Got no answers on this question! about to press the button and buy this drive-away one, hope we have made the right decision,we will let you know.


----------



## b6x (Feb 26, 2007)

Hi. Can't help you with your query, but would be very interested in your experiences with the awning. We are currently on the verge of purchasing either a drive-away or a fixed awning, and would like to get it sorted out by the summer. Currently leaning towards the fixed Omnistor or Fiamma awning to save on space inside.

Regards,
Steve


----------



## TwinTravellers (Jul 5, 2007)

Hi Steve,

Received our new Khyam awning a few days ago! We also got an inner tent (bedroom) We are going to try it out Easter w/end on the south coast. Will keep you up to date.

Cheers Ros.


----------



## lorsim (Apr 6, 2008)

Hi Steve

Did you try it out? What's the verdict? I'm looking to buy one for my Adria Twin and would really appreciate your views before going ahead.

Lorraine


----------



## ash (Aug 17, 2006)

Hi there if you look in classified we have 1 for sale , pic there have a look see if its of any use to you :lol: :lol:


----------



## lorsim (Apr 6, 2008)

Thanks for the info - very interesting. Maybe you can tell me whether it would attach to an Adria Twin and how it's done to clear the sliding door and stay secure? 

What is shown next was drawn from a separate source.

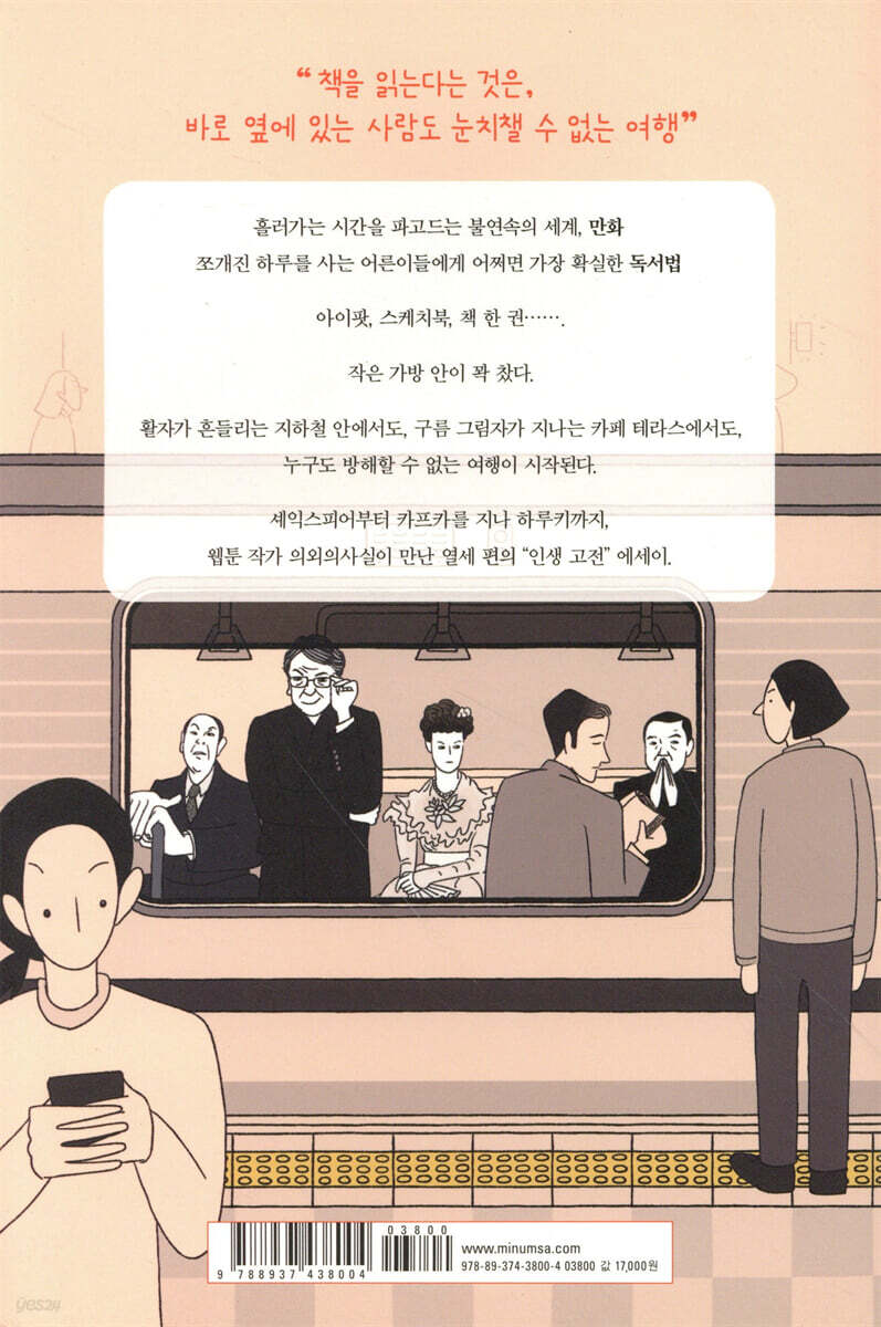 지금은 하루키, 베르베르 말고는 문학을 별로 찾아 읽지 않지만, 고등학교, 대학교 때는 소설을 닥치는 대로 읽었다. 서양 고전보다는 현대 한국 작가 소설을 좀 더 많이 읽었지만. 특유 표지로 이미지를 각인 시킨 세계문학 시리즈로 유명한 민음사가 똑똑했다. 바로 그 세계문학 시리즈를 그림 그리는 이에게 들려주어 읽게 하고 웹툰으로 그려달라고 요청했다. 남이 책 읽은 이야기 잘 구입하지 않는데도 구입을 결심할 수 있었던 이유는 작가 목록에 하루키가 있었기 때문이었다. 전반적으로 고전 문학을 깊이 읽고(웹툰을 그리기 위해 여러 번 읽었다고 함), 남들이 천편일률적으로 읽는 방식이 아니라 닉네임 대로 의외의 참신한 시각으로 읽어내어 특별한 맛이 있었다. 예스이십사 채널예스 책읽아웃 김하나와의 인터뷰를 보니 과연, 국어교육 전공자라고 한다(이 지점에서 나도 의외의사실 작가처럼 대학교 4학년 때 임고 준비를 시작하지 않고 다른 방향으로 틀었다면 지금 내 인생은 어떤 모습일까 궁금해졌다). 작가 나잇대가 궁금해서 검색하다가 처음 이 기사를 보았을 때 얼굴이 나왔는데, 지금은 자신의 캐릭터와 마루 그림으로 가려두었네. http://ch.yes24.com/Article/View/36931

I've searched all over and can't find out for certain whether or not I could use it, so am unwilling to purchase until I'm certain.

Lorraine


----------



## TwinTravellers (Jul 5, 2007)

HI Steve,

Sorry we were so long in answering regarding our kyham awning. We tried to attach it with figure of 8 and it was hopeless! We then tried to throw the canapy over the van and it too was hopeless!. It kept catching on the door. 

What we have done now, we have had a Omnister roll out awning fitted at the Peterbourgh show (3.75m) and got one side with it. We also bought a free standing tent which serves our purpose. So in all, we were very dissapointed with the Khyam.

Ros.


----------



## anita302 (Feb 11, 2007)

Hi

We also have a twin wheel MH. We brought a Movelite XL awning and tried it out at Easter, but found it was not suitable for our needs. 

We have now brought a Kastle steel pole frame awning, which seems to have far move room in it and all being well, after trying it out for the first time at the end of this month, it should hopefully attached by the figure 8 method. 

Anita


----------